Graduate Student Excellence-in-Research Award 2012

Qing Liu, a recent doctoral graduate in psychology, studies wild capuchin monkeys and their skilled use of stone tools to crack tough palm nuts, a phenomenon that was discovered just seven years ago and has been studied by Liu’s team since 2005. She used a laborious manual coding procedure to track points on the monkeys’ bodies through time, coding points on each field of video in stop-motion playback. Her kinematic analysis is the first such study of manual actions in wild primates, and she has continued her work through a series of field experiments, the results of which were published in “Animal Behavior,” the premier journal in the field. Her research is broadly relevant to the more general topic of how primates explore affordances of objects in problem-solving situations using their limbs and hands, particularly in tool-using situations where indirect relations between tool and the target of action must be noticed and managed.

Swati Agrawal

Graduate Student Excellence-in-Research Award 2012

Swati Agrawal, a recent doctoral graduate in cellular biology, researched and wrote her dissertation onToxoplasma gondii, a unicellular parasite and cause of toxoplasmosis. Specifically, Agrawal used a combination of genetics and biochemistry to discover how proteins travel across four membranes to support the function of an organelle that is essential to the parasite’s viability. She identified the molecular machinery involved in transporting proteins across the innermost membrane, and showed that a different complex was involved in the transport across the third membrane.
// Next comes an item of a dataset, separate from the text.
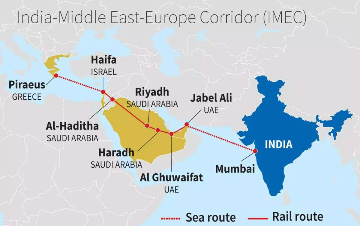 - Im geopolitischen Wettlauf der Systeme plant der Westen eine Konkurrenz zur chinesischen Seidenstraßen-Initiative. Ihr Name ist Initiative Global Gateway. Darin enthalten ist auch der „India-Middle East-Europe Economic Corridor”. Das ist eine westliche Initiative für einen “Straße”, die Seewege und Landverbindungen kombiniert, vgl. Karte
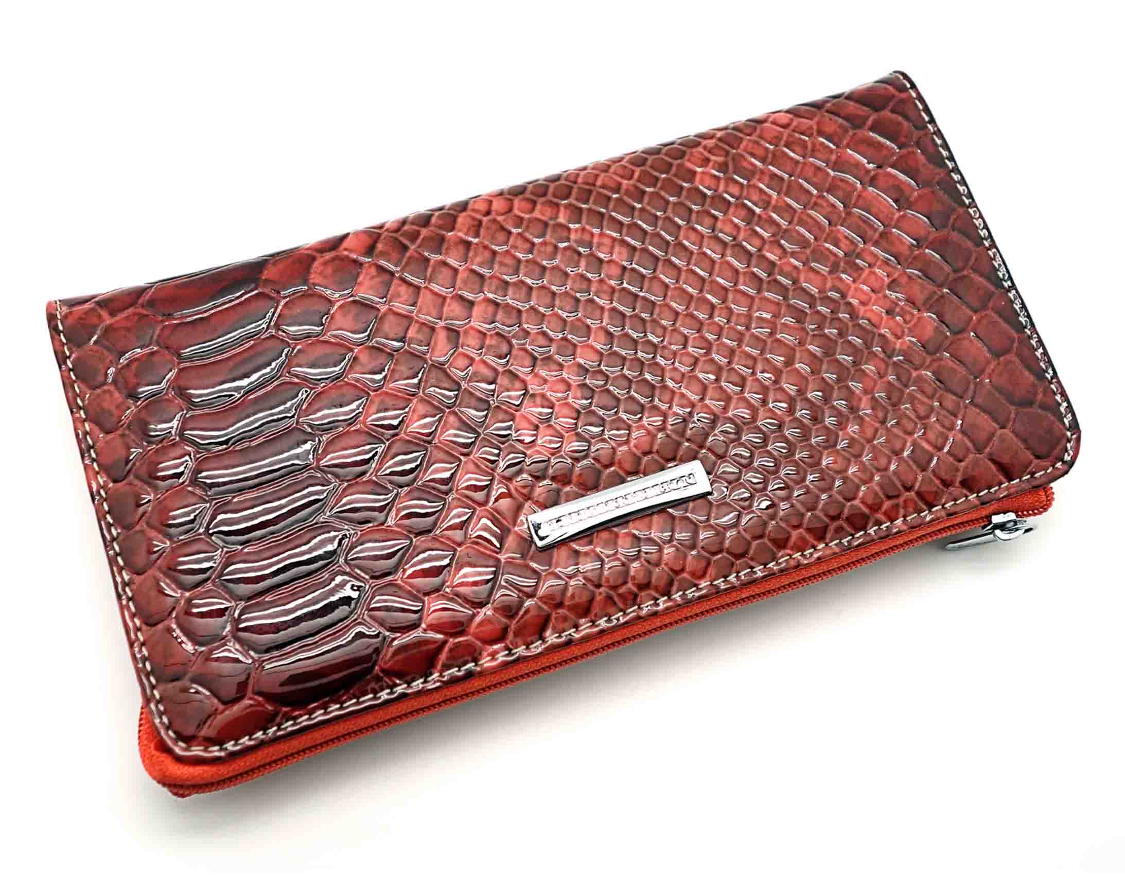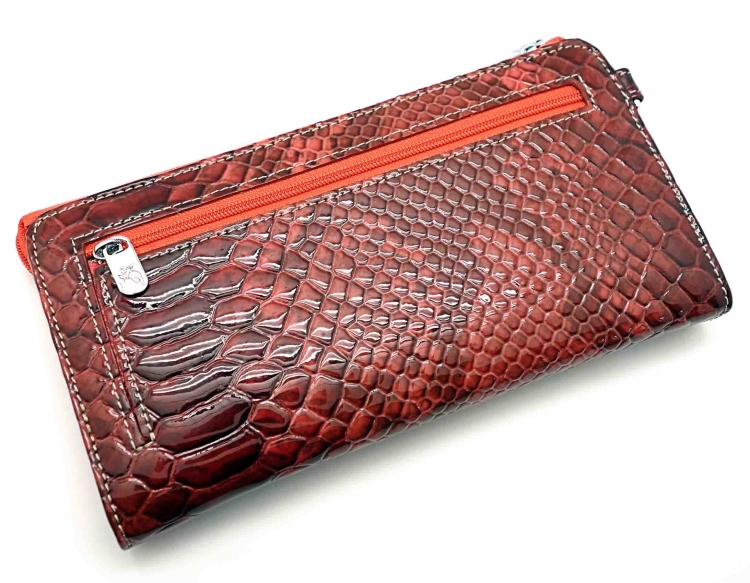 Размер 20 х 10 см.. Закрывается на молнию. Внутри - два отделения и два кармана для купюр, отделение для монет на молнии, 14 кармашков для пластиковых карт. Снаружи: на оборотной стороне карман на молнии, в левой части металлическое полукольцо для крепления кожаного ремешка с карабином.

She also engineered a mutation in which the absence of a particular protein resulted in death of the parasite, and these proteins are attractive targets for the development of new drugs for many parasitic diseases. Argawal authored four papers during her graduate career, and she has been invited to present her work in both national and international forums.

Denita Williams

Graduate Student Excellence-in-Research Award 2011

Denita Williams, a recent postdoctoral graduate in toxicology, researched the problem of spontaneous abortion in women who unknowingly consume food contaminated with Listeria monocytogenes. She developed an animal model, the guinea pig, to simulate human listeriosis during pregnancy, and then used that model to predict the risk of stillbirths in humans. Her work showed that the pregnant guinea pig, like human women, is susceptible to L. monocytogenes, which can and often does lead to stillbirths. Her research focused on using this animal model for three purposes: to develop a dose response curve, to conduct a risk assessment for L. monocytogenes, and to investigate the mechanisms by which L. monocytogenes exposure results in stillbirths. She also investigated the immunological effects of infection on the fetus and also the invasive capabilities of L. monocytogenes. Her work will likely result in a revision of the federal L. monocytogenes risk assessment — and recommendations of the Food and Drug Administration for pregnant women.